Bernice and Carla shrieked with delight.

“That's the best!” Bernice said. “It's exactly what she looks like. Honestly.”

“That dress part is funny,” Carla observed. “Just like the real one Aunt Irene wears. I really like how you have the smoke coming out of her ears, too. Ha!”

“Why don't we put that one under her pillow?” Bernice suggested. “Maybe we should put them
all
under her pillow,” she added, using her hands for emphasis. “That way, Mom and Dad won't see them.”

“Unless Auntie's a tattletale, too,” Carla said.

“I don't know,” Adine said slowly. During moments like these, Adine didn't feel like the oldest.

“Aw, come on,” Bernice coaxed. “Let's do it!”

Carla grinned evilly and nodded, her eyebrows wiggling on her forehead mischievously.

“All right,” Adine whispered hesitantly.

And so, without much deliberation it was decided: Adine would slide the thin stack of drawings and messages under Aunt Irene's pillow that night.

Adine was waiting. And waiting. And waiting. She had slipped the drawings under Aunt Irene's pillow and zipped back to the cot. That was half an hour ago, and still Aunt Irene hadn't come to bed. Adine's heart was moving with the speed and force of a jackhammer. She tried to compose herself and fall asleep. She couldn't. She kept thinking of her drawing of Aunt Irene. The more she thought about it, the more it seemed like something Gary Wilker would do. And that thought made her hate what she had done, despite the fact that she hated having Aunt Irene around. Regret swept over Adine like a tidal wave and whooshed through her as if a kite were tied to her heart.

But still she waited. And waited. And waited. Every creak in the hallway, every shadow that skimmed across the floor caused Adine to flinch. She pulled the covers over her head and told herself how terrible and selfish her aunt was. How bossy and embarrassing. How eccentric.

Adine turned over on her stomach. She rolled to her side. Lay on her back. She heard Aunt Irene's voice. Coming closer. Closer. Adine gulped, took a deep breath, and jumped up. She grabbed the drawings, rolled them up, and flung them under her dresser just as Aunt Irene opened the door.

“You should be sleeping, little lady,” Aunt Irene snapped.
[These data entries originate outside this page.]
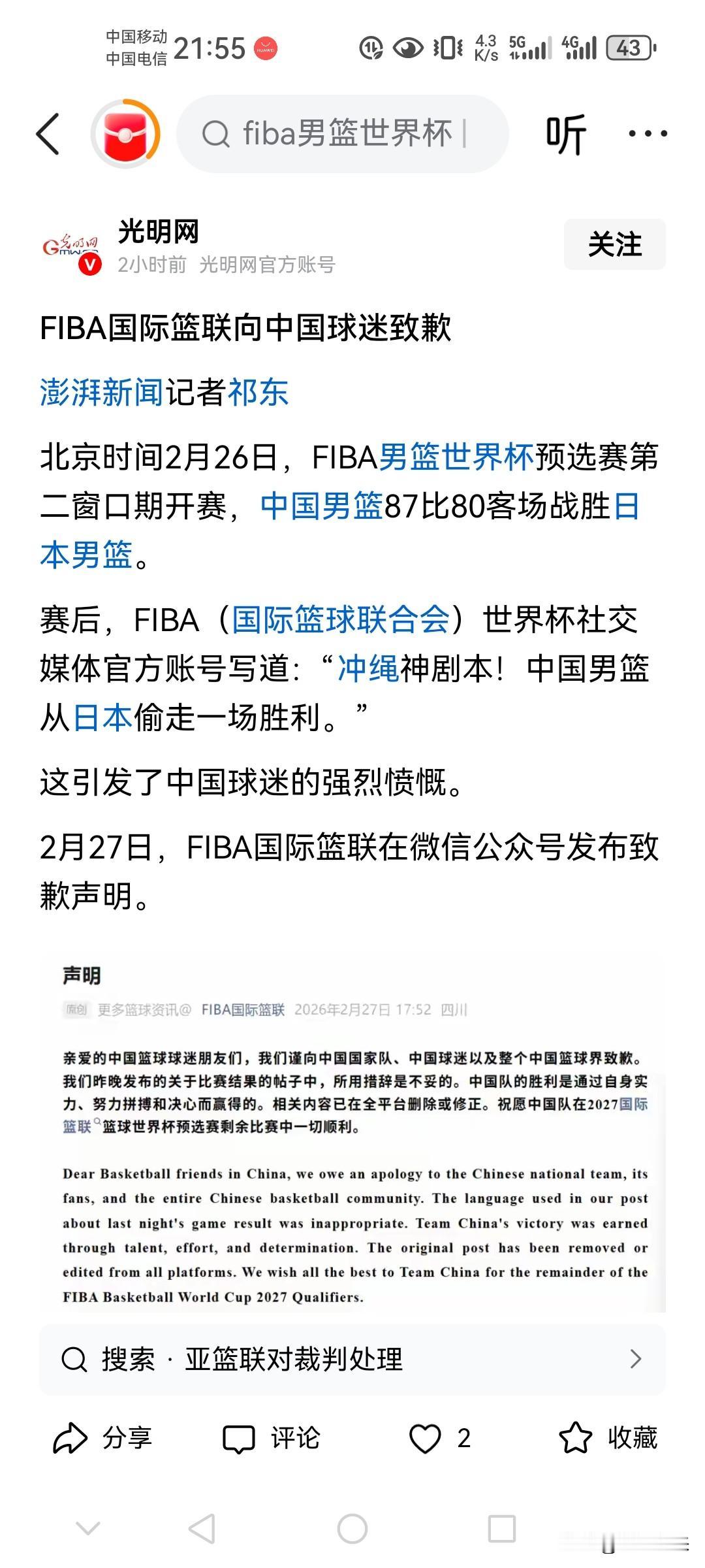 公道自在人心,群众的眼睛是雪亮的 国际男篮FIBA向中国球迷道歉 并且在中国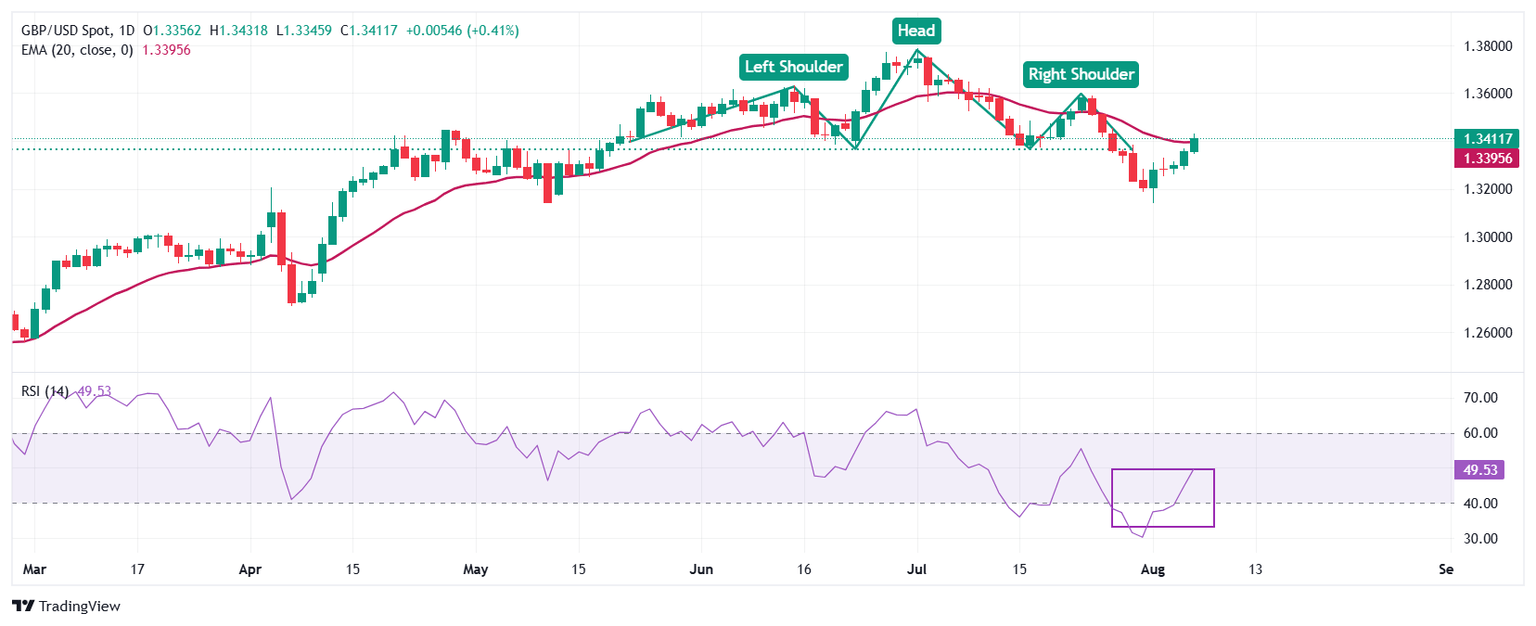 Análisis Técnico: La Libra esterlina recupera la EMA de 20 días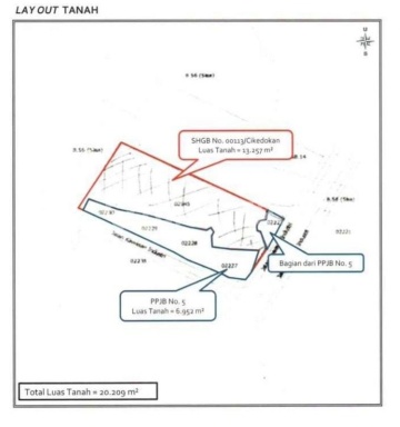 Hoek hadap tenggara - barat daya SHGB a/n PT harga sewa 3 M / thn incl PPn
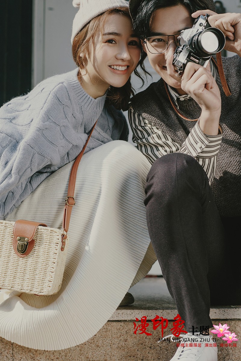 2023 New Studio Couple Write the Korean Sweater Take Photography Theme Street to take a bridge and clothing art photo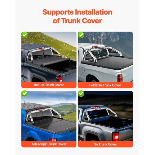 Truck Bed Roll Bar Chase Rack for Full-Size&Mid-Size Pickup Carbon SteelCargo ProtectionEasy to UseNight Driving ProtectionProfessional DesignEasy InstallationSecure TransportSide Mount Width: 57-64 inch / 1448-1626 mm,Item Model Number: RBTY045S2,Item Dimensions: 61.0 x 26.8 x 23.6 inch / 1550 x 680 x 600 mm,Net Weight: 57.3 lbs / 26 kg,Main Material: Carbon Steel + Stainless Steel

Adine flopped down on the cot with a thud and a sigh. “I am,” she whispered.

9
The Blouse

When Aunt Irene's presence wasn't commanding all of Adine's attention, thinking of a name for Baby and deciding how to decorate the nursery consumed her thoughts. Everyone else's, too. If they weren't going to keep the
F
wall, Adine thought that all the walls in the nursery would look best painted one solid, peaceful color. Light peach or yellowish. Soft and creamy like butter, as if the walls would melt if you happened to bump into them. But Adine was especially determined to come up with a suitable name for her brother. Mrs. Vorlob still hadn't decided what letter Baby's name should begin with, so Adine just tried to think of nice-sounding names, regardless of how they were spelled. She searched everywhere—in books, the telephone directory, the newspaper, even in the pantry (where she discovered two distinct possibilities: Campbell—from the cans of soup, and Duncan—from a cake mix), and under the bathroom sink (where she momentarily considered Lysol as a name, before dismissing the idea as being ridiculous).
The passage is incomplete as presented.